A Supreme Challenge for John Roberts

Today's Capital Commentary is authored by Dr. Stanley Carlson-Thies, director of social policy studies at the Center for Public Justice, and it is worth posting in full in light of the recent discussions on this blog over the public witness of believers in the gospel.

John Roberts, President Bush's nominee for the U.S. Supreme Court, faces a major task if he is confirmed: helping to craft a coherent doctrine on the religion clauses of the First Amendment. Justice Sandra Day O'Connor, whose decision to step down created the vacancy, had many strengths, but her pragmatic approach contributed to the confusion about church-state issues. The question is: What's a better approach?

In a recent New York Times Magazine article (July 3), Noah Feldman of New York University School of Law proposed a "Church-State Solution." His analysis is thought-provoking. But his solution misses the mark. For Feldman, the core problem is how to preserve the unity of our religiously diverse nation. "Values evangelicals," he says, urge the government to adopt religiously based standards for the whole nation. Their opponents, the "legal secularists," claim that religion is divisive and must be confined to private life, leaving government entirely secular.

Both groups are wrong, Feldman rightly claims. The consensus presumed by values evangelicals doesn't exist, and if the government makes the standards of one religious group obligatory, we will have conflict, not unity. Yet the legal secularists are also wrong. Expelling religion doesn't make the public square equally hospitable to all; rather, it excludes citizens whose convictions shape their whole lives.

But Feldman's own solution is also a dead end. Here's his proposal: stop excluding religious argument and symbolism from public life and also stop government funding of religious organizations. That is, in order to end the unjust exclusion of religion from public debates, we must abandon the Court's genuine progress towards equal treatment, which undergirds the faith-based initiative.
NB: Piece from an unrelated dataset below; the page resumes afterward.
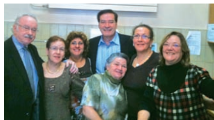
Au traditionnel couscous de décembre avec Femmes, Culture, Solidarité, Partage dans le 9 e .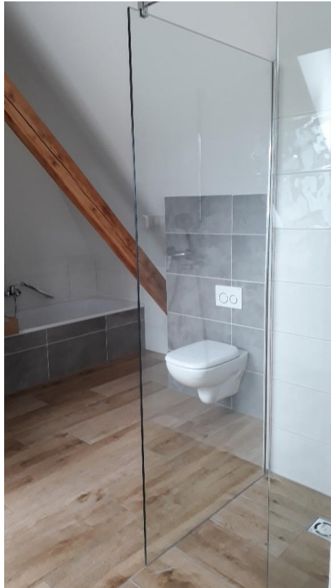
Badezimmer mit BW und Dusche

Feldman is half right. In our democracy, all citizens are free to make public arguments, so religious views can't fairly be excluded. If secularists don't like the arguments, they should counter them, and if the public doesn't find religious reasons convincing, then arguments based on those reasons will fail. Secularists should stop trying to stack the deck by banning religion from public debate. So far so good.

Unfortunately, Feldman flirts with authorizing officials to promote a civil religion. He's courageous to oppose the ACLU and others who seek to strip away all religious symbols, as if the Constitution requires the government to pretend that our society and history are religion-free. Still, while the government should accommodate the faiths of the citizens, it must be careful not to create an official religion--not to avoid divisiveness but because Caesar is not Lord.

The other half of Feldman's proposal is simply wrong. He says that government funding of religious social-service providers creates conflict, not common values, and so it must stop. But creating common values isn't the government's task. On the other hand, it surely is the job of government to deal fairly with organizations of every conviction and not to presume that faith-based services are somehow less legitimate than their secular counterparts.

There is a solution to the church-state confusion, just not Feldman's. The government should honor the convictions of all citizens, discriminating neither for nor against religion when funding social services and neither for nor against religious arguments and the religious symbols and activities that constitute so much of our history and our lives together. But government officials can't be the nation's clergy. That is not merely divisive but idolatrous.

We don't know how a Justice Roberts would rule on these important matters. We must hope that he will fight unjust restrictions on religious speech, symbols, and also institutions, while keeping limits on the government's tendency to put itself in the place of God.